The output should be the listing below, limited to the lines from the one with "In In- -class" through the one with "Czarna torebka, chyba", exact and without pictures.

▶ _Given data_

= = = =

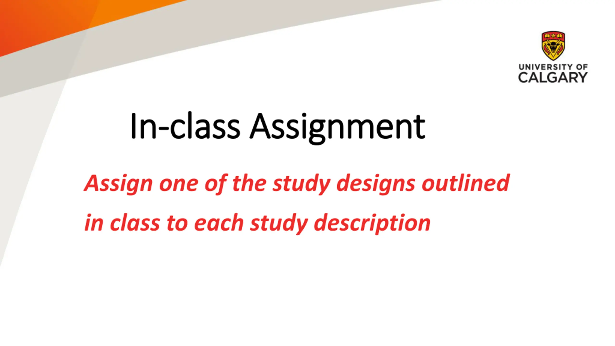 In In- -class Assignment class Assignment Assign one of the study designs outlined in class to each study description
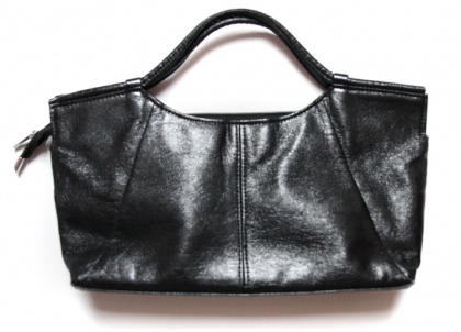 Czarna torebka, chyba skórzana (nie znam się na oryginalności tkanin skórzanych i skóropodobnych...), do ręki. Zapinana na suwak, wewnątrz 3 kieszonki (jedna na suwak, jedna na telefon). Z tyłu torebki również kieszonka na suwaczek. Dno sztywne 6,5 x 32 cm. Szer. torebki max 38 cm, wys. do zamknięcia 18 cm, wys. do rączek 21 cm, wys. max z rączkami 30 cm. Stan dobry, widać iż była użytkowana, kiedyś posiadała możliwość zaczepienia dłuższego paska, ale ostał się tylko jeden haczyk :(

= = = =

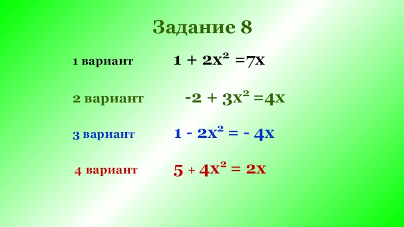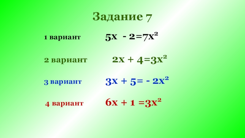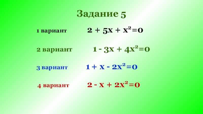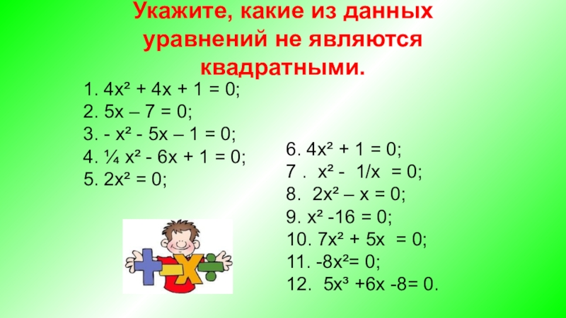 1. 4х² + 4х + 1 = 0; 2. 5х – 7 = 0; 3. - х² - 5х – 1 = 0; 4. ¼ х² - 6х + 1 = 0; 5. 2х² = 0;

= = = =

▶ _Answer to the exercise_
 In In- -class Assignment class Assignment Assign one of the study designs outlined in class to each study description
 Czarna torebka, chyba skórzana (nie znam się na oryginalności tkanin skórzanych i skóropodobnych...), do ręki. Zapinana na suwak, wewnątrz 3 kieszonki (jedna na suwak, jedna na telefon). Z tyłu torebki również kieszonka na suwaczek. Dno sztywne 6,5 x 32 cm. Szer. torebki max 38 cm, wys. do zamknięcia 18 cm, wys. do rączek 21 cm, wys. max z rączkami 30 cm. Stan dobry, widać iż była użytkowana, kiedyś posiadała możliwość zaczepienia dłuższego paska, ale ostał się tylko jeden haczyk :(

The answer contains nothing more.